Abstract
Human genome resequencing projects provide an unprecedented amount of data about single-nucleotide variations occurring in protein-coding regions and often leading to observable changes in the covalent structure of gene products. For many of these variations, links to Online Mendelian Inheritance in Man (OMIM) genetic diseases are available and are reported in many databases that are collecting human variation data such as Humsavar. However, the current knowledge on the molecular mechanisms that are leading to diseases is, in many cases, still limited. For understanding the complex mechanisms behind disease insurgence, the identification of putative models, when considering the protein structure and chemico-physical features of the variations, can be useful in many contexts, including early diagnosis and prognosis. In this study, we investigate the occurrence and distribution of human disease–related variations in the context of Pfam domains. The aim of this study is the identification and characterization of Pfam domains that are statistically more likely to be associated with disease-related variations. The study takes into consideration 2,513 human protein sequences with 22,763 disease-related variations. We describe patterns of disease-related variation types in biunivocal relation with Pfam domains, which are likely to be possible markers for linking Pfam domains to OMIM diseases. Furthermore, we take advantage of the specific association between disease-related variation types and Pfam domains for clustering diseases according to the Human Disease Ontology, and we establish a relation among variation types, Pfam domains, and disease classes. We find that Pfam models are specific markers of patterns of variation types and that they can serve to bridge genes, diseases, and disease classes. Data are available as Supplementary Material for 1,670 Pfam models, including 22,763 disease-related variations associated to 3,257 OMIM diseases.
Highlights
In the last decade, several efforts have been devoted to the problem of functional annotation of protein variants with the aim of relating variations to specific diseases (Vihinen, 2017, 2018)

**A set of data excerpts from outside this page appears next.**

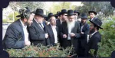
מאות יישובים שנבדקו וקיבלו סיוע והכוונה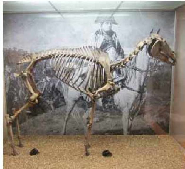
Napoleon`un Morengo adlı atının skeleti. National Army Museum. London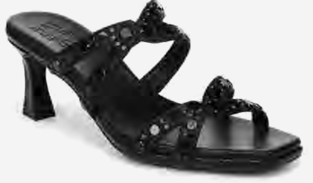
صندل كعب ناكيمي مفتوح ومزين AED 499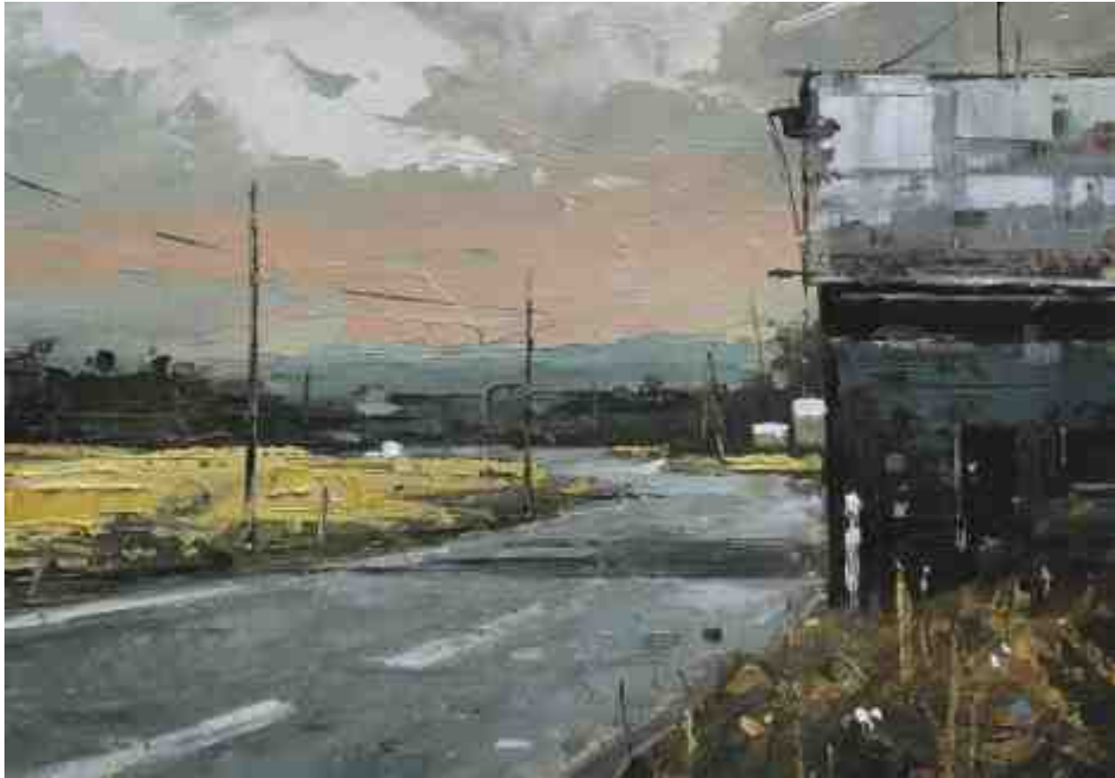
Landschaftsstudie 064 2019 | Öl/Kt | 14 x 20 cm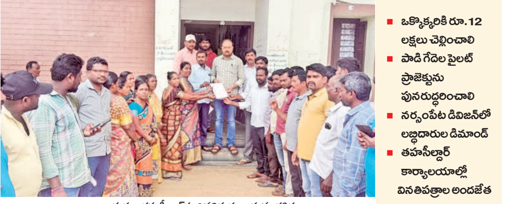
భానాపూరం: తహసీల్దార్ కు వినతిపత్రం ఇస్తున్న డ్రైవర్లు

చరణ రూపొందిస్తున్నది. ఇందుకు అనుగుణంగా లోక్ సభ ఎన్నికల సన్నాహక సమావేశాలు నిర్వహిస్తున్నది. పార్లమెంట్ లో బీఆర్ఎస్ ఎంపీలు ఉంటేనే మన హక్కుల గురించి పోరాడే వీలు కలుగుతుందని స్పష్టం చేస్తున్నది. ఇప్పటివరకు పార్లమెంట్ సమావేశాల్లో కాంగ్రెస్, బీజేపీ ఎంపీల కంటే బీఆర్ఎస్ ఎంపీలు సంధించిన ప్రశ్నలే అధికమని, బీఆర్ఎస్ ఎంపీల వల్లే కేంద్రం నుంచి పలు లీలక పనులను సాధించుకోగలిగిందని చెప్పుతున్నది.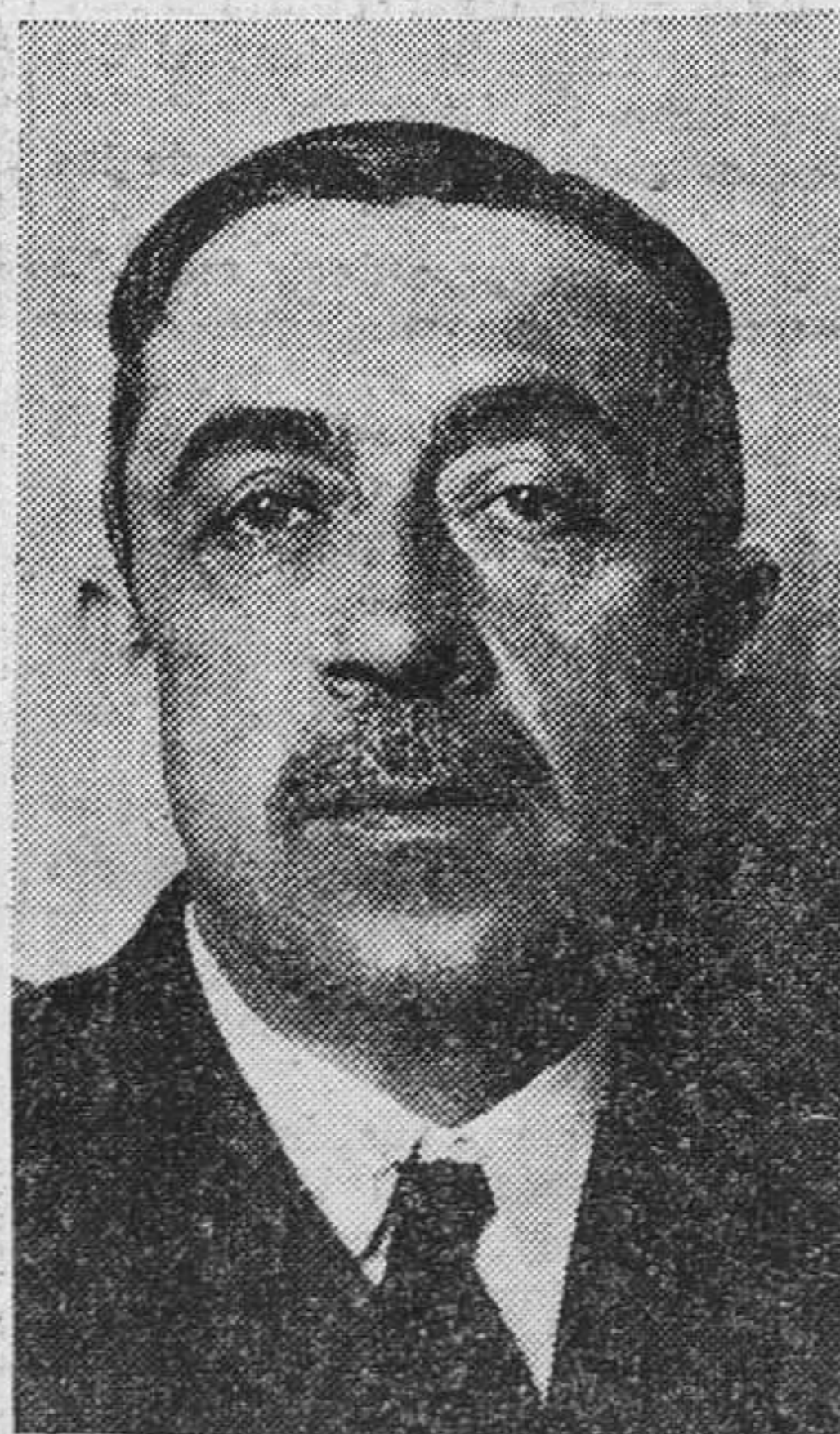
Don Emilio Herrera, que ingresó como miembro de número en la Academia de Ciencias Exactas, Físicas y Naturales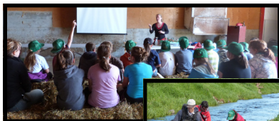
Journée éducative sur l'agriculture et l'environnement

Des enfants de l'école l'Arc-en-ciel de St-Narcisse ont participé, le 5 juin 2012, à la journée organisée par le COBARIC en collaboration avec les Ministères de l'Agriculture, des Pêcheries et de l'Alimentation (MAPAQ) et des Ressources naturelles et de la Faune (MRNF) chez un producteur laitier. Cette journée a été une opportunité de sensibiliser les jeunes à la vie aquatique, par la tenue d'une activité de pêche électrique dans la rivière du

After mapping genetic disease–related variations on a restricted set of human protein threedimensional (3D) structures, we found that the distribution of disease variation types significantly varies across different structural/functional Pfam models
We only retained disease-related variations associated with a genetic disorder reported in the Online Mendelian Inheritance in Man (OMIM) catalog9
Summary
Several efforts have been devoted to the problem of functional annotation of protein variants with the aim of relating variations to specific diseases (Vihinen, 2017, 2018). A collection of variations of genetic diseases is available, and this prompted the investigation of molecular mechanisms responsible for protein failure (Schaafsma and Vihinen, 2018). Several studies focused on determining the most frequent protein variants associated with diseases, with the aim of helping functional annotation, starting from variant sequencing (Niroula and Vihinen, 2017; Zeng and Bromberg, 2019). Given a specific variation, computational methods return with a computed reliability whether the change of a side chain in a protein is disease-related or not (Niroula and Vihinen, 2016)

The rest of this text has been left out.